> Task to carry out: Word for word, please restate each record and pass over the pictures.

-- Data for this exercise follows --

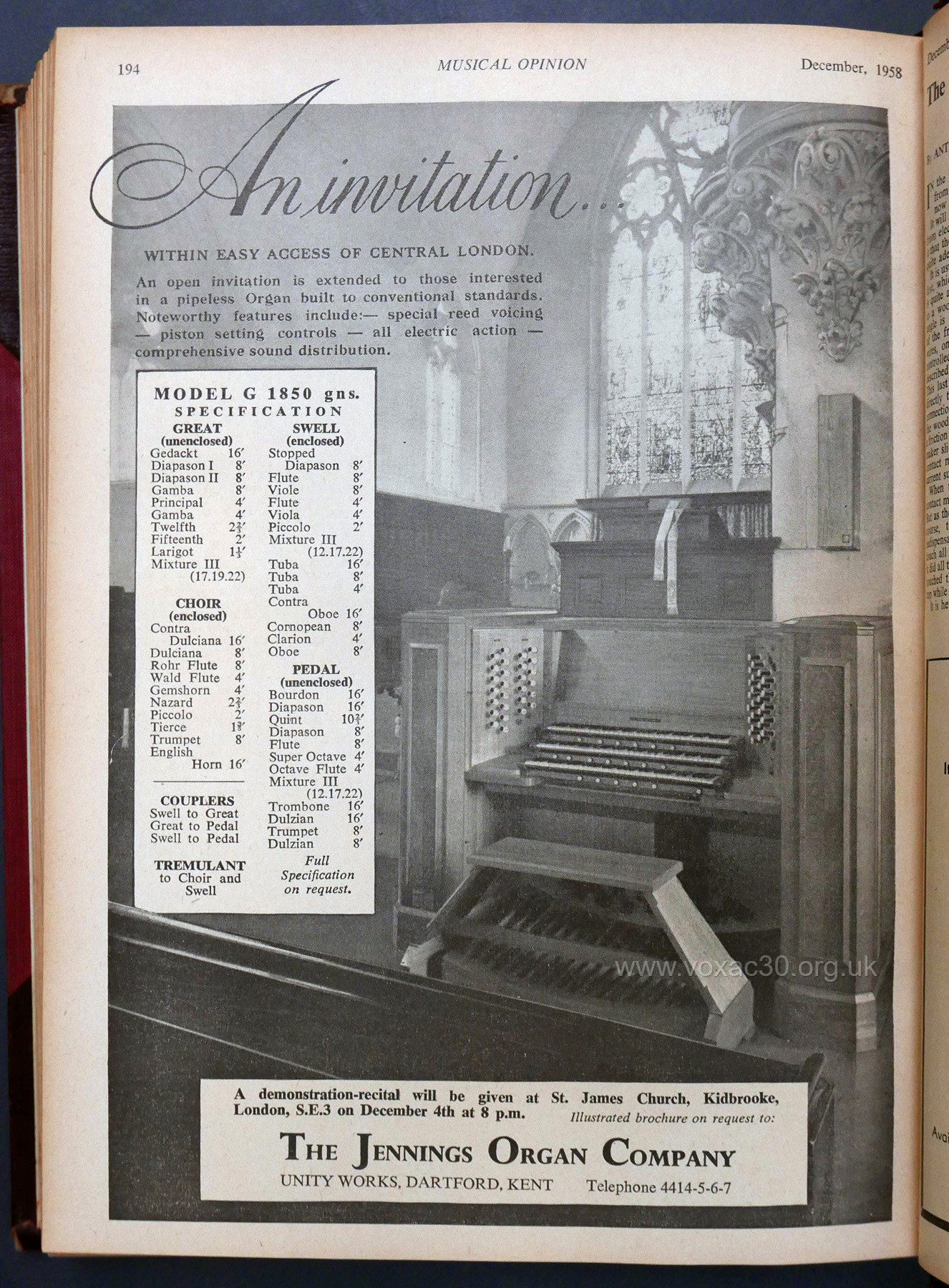 "Musical Opinion" magazine, December 1958. An almost identical ad was run in November, but signalling the that date of the demonstration was to be confirmed. The installation in St James, Kidbrooke, was photographed by Derek Underdown.
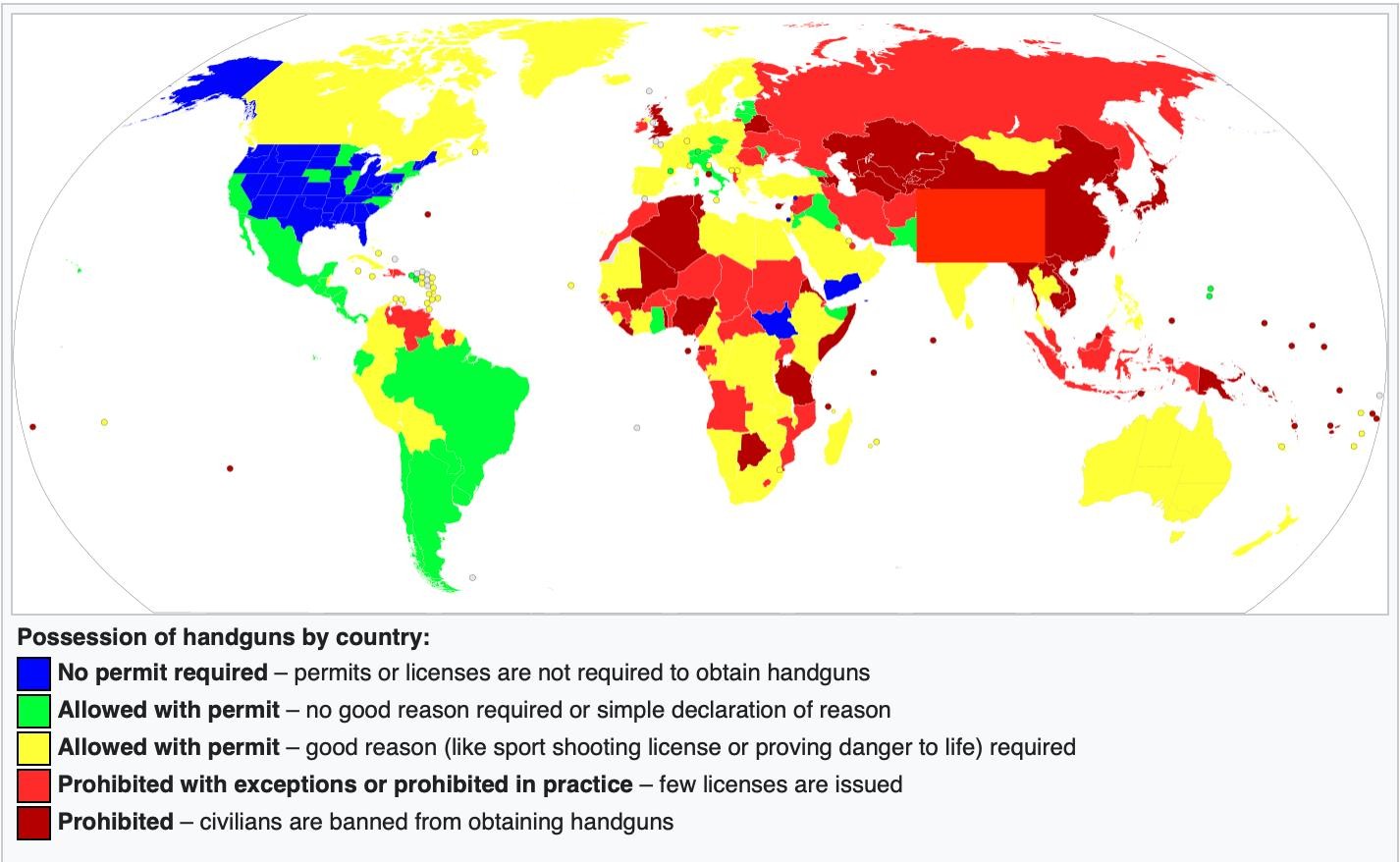 上面这个图,是世界手枪管制地图,蓝色是“不需要执照”,绿色是“颁证不严”,黄色是“颁证较严”, 红色是“几乎严禁”,深红色是“绝对严禁”。
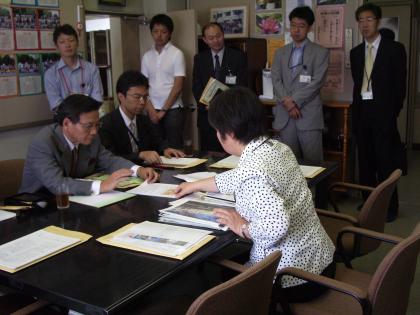 3時間目に4年2組の総合的な学習の時間、「こちらエコライフ研究所」の授業を参観されました。大臣は環境学習に大変関心があるとのことでした。その後屋上庭園に上がられ、整備された屋上花壇を見ていただきました。4時間目は1年1組の日本語の授業を参観していただきました。子ども達の音読に大変感心していただきました。
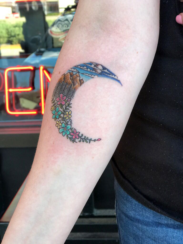 Luna, Mountains and Flowers tattoo, Landscape state of Colorado done by Enrique Lazaro at Adroit Tat
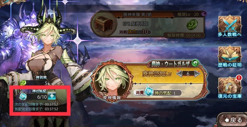 廃神ウートガルザに挑戦するために必要な「神の気配」の回復は1つにつき60分とやや長めなので、回復していたら挑戦して消費するなど、常に消費している状態をキープすると効率良く神貨幣を集めることができます。
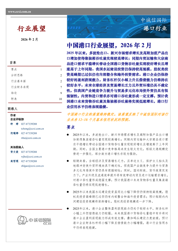 【中诚信国际】【202602】中国港口行业展望,2026年2月-14页

-- Data for this exercise concluded --

> Exercise solution:
 "Musical Opinion" magazine, December 1958. An almost identical ad was run in November, but signalling the that date of the demonstration was to be confirmed. The installation in St James, Kidbrooke, was photographed by Derek Underdown.
 上面这个图,是世界手枪管制地图,蓝色是“不需要执照”,绿色是“颁证不严”,黄色是“颁证较严”, 红色是“几乎严禁”,深红色是“绝对严禁”。
 3時間目に4年2組の総合的な学習の時間、「こちらエコライフ研究所」の授業を参観されました。大臣は環境学習に大変関心があるとのことでした。その後屋上庭園に上がられ、整備された屋上花壇を見ていただきました。4時間目は1年1組の日本語の授業を参観していただきました。子ども達の音読に大変感心していただきました。
 Luna, Mountains and Flowers tattoo, Landscape state of Colorado done by Enrique Lazaro at Adroit Tat
 廃神ウートガルザに挑戦するために必要な「神の気配」の回復は1つにつき60分とやや長めなので、回復していたら挑戦して消費するなど、常に消費している状態をキープすると効率良く神貨幣を集めることができます。
 【中诚信国际】【202602】中国港口行业展望,2026年2月-14页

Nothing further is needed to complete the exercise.